Outra importante funcionalidade é a padronização do faturamento eletrônico no padrão TISS da Agência Nacional de Saúde Suplementar, nas transferências eletrônicas de dados financeiros e administrativos sobre os gastos de usuários de planos de saúde privados. O software pode gerar, preencher e enviar para os planos de saúde: guias de consulta, exames, tratamentos, procedimentos, terapias, autorização de consultas com ou sem procedimentos, autorização, prorrogação e cobranças de internação, pagamentos para profissional especializado. Tudo isso dentro da padronização TUSS de utilização de terminologias médicas.

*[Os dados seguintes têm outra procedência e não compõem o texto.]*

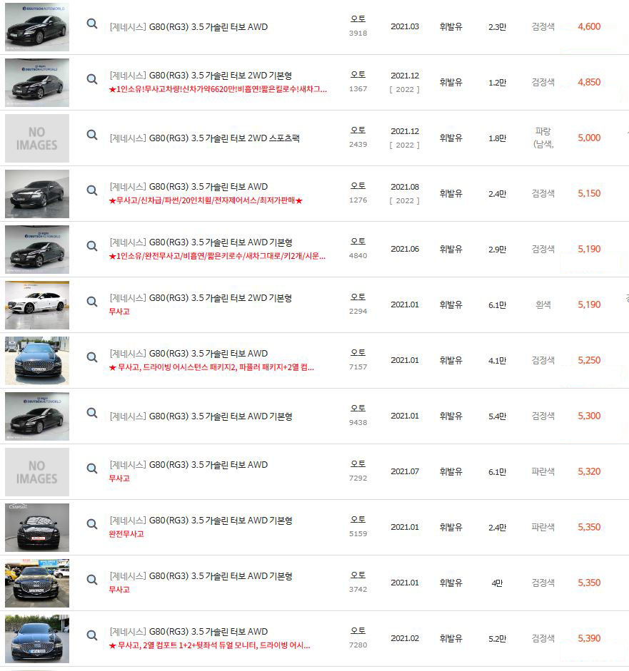 4000만원에서 4500만원까지는 중고차매물 수량이 그리 많지 않았지만 4500만원 이상되니 본격적으로 매물들이 보이고 있습니다.

6. Gestão de equipe médica

A equipe médica deve ter acesso fácil à agenda, com visualização ágil, permitindo a consulta dos dados por dia, semana, quinzena e mês. O software também auxilia na gestão de escalas e plantões, junto à agenda disponibilizada aos pacientes. O médico pode indicar pelo software eventuais atrasos e faltas, e o próprio programa pode avisar aos pacientes e verificar o reagendamento.

7.Informações úteis

O software pode gerar informações importantes e estatísticas sobre utilização dos usuários, frequência de agendamento, perfil do público que o utiliza, horários que mais utilizam, entre outros dados que podem ser úteis para se conhecer melhor o público-alvo, melhorar o atendimento e investir em novas funcionalidades e estratégias de marketing.

Os softwares de gestão de clínicas oferecem muitos recursos e facilidades, agilizam as rotinas médicas e administrativas e possibilitam o atendimento médico mesmo em tempos de distanciamento social.